= Alex Gordon (writer-producer) =

British film producer and screenwriter (1922–2003)

Alex Gordon (8 September 1922 - 24 June 2003) was a British film producer and screenwriter.

He produced eighteen films, including the American International Pictures films Day the World Ended (1955) and The She Creature (1956). He wrote screenplays for three films, two of them with B-movie director Ed Wood, Jail Bait (1954) and Bride of the Monster (1956).

Gordon's brother Richard Gordon was also a film producer.

==Biography==
Alex Gordon was a film publicist who served in the British Army. After his discharge in 1947 he and his brother arrived in New York. He worked for theatres, performed press duties for Gene Autry, then moved to Hollywood in 1952.

===Ed Wood===
In Hollywood, Gordon met Ed Wood and they collaborated on a script for a low-budget Western for John Carpenter, The Outlaw Marshall. The production was a difficult one and Gordon needed a lawyer; he ended up hiring Samuel Z. Arkoff who later established American International Pictures. The film became The Lawless Rider (1954).

Gordon had written two scripts, The Atomic Monster and The Hidden Face. Wood co-wrote the final screenplays and filmed them as Bride of the Monster (1955) and Jail Bait (1954), respectively.

===American International===
Arkoff set up a company, American Releasing Company which became American International Pictures. Gordon was one of their most important producers in the early days, usually collaborating with writer Lou Rusoff and director Edward L. Cahn.

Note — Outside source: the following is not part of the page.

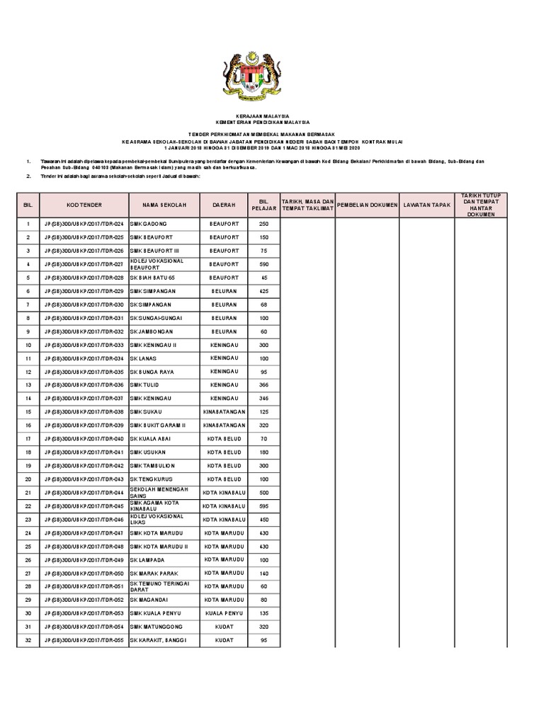 Tender Perkhidmatan Membekal Makanan Bermasak Ke Asrama Sekolah Sekolah

Gordon's first film for the company was Apache Woman (1955), written by Rusoff and directed by Roger Corman. Gordon and Corman collaborated again on Day the World Ended (1955), a science fiction film that was very successful, and The Oklahoma Woman (1956), another Western. All these films were written by Rusoff.

Gordon's first movie with Cahn was Girls in Prison (1956), a women in prison film. Cahn also directed The She-Creature (1956), a science fiction horror movie with Marla English and Tom Conway, and Flesh and the Spur (1956), a Western with English and Mike Connors co written by Charles B. Griffith.

Gordon, Rusoff and Cahn then made Shake, Rattle & Rock! (1956), a musical with Connors and Margaret Dumont and Douglas Dumbrille (film buff Gordon always liked to put older actors in his movies), and Runaway Daughters (1956), with English, Anna Sten and John Litel.

Rusoff did not write Voodoo Woman (1957), with English and Conway, but he did Dragstrip Girl (1957) and its semi-remake Motorcycle Gang (1957). Cahn directed Jet Attack (1958), a war film. Gordon helped with the casting on Reform School Girl (1957) directed by Edward Bernds.

Gordon worked with a new director, Spencer Gordon Bennet, on the war film, Submarine Seahawk (1958). It was his last movie for AIP. He was unhappy with the company and left.

===Later Films===
Gordon produced The Atomic Submarine (1959) for Allied Artists, directed by Bennett. He wrote and produced The Underwater City (1962), directed by Frank McDonald.

His last feature film credits were two Westerns directed by Bennett, Requiem for a Gunfighter (1965) and The Bounty Killer (1965).

In 1968 he went into TV producing at 20th Century Fox.

He later wrote the documentary, Gene Autry: America's Singing Cowboy (1993).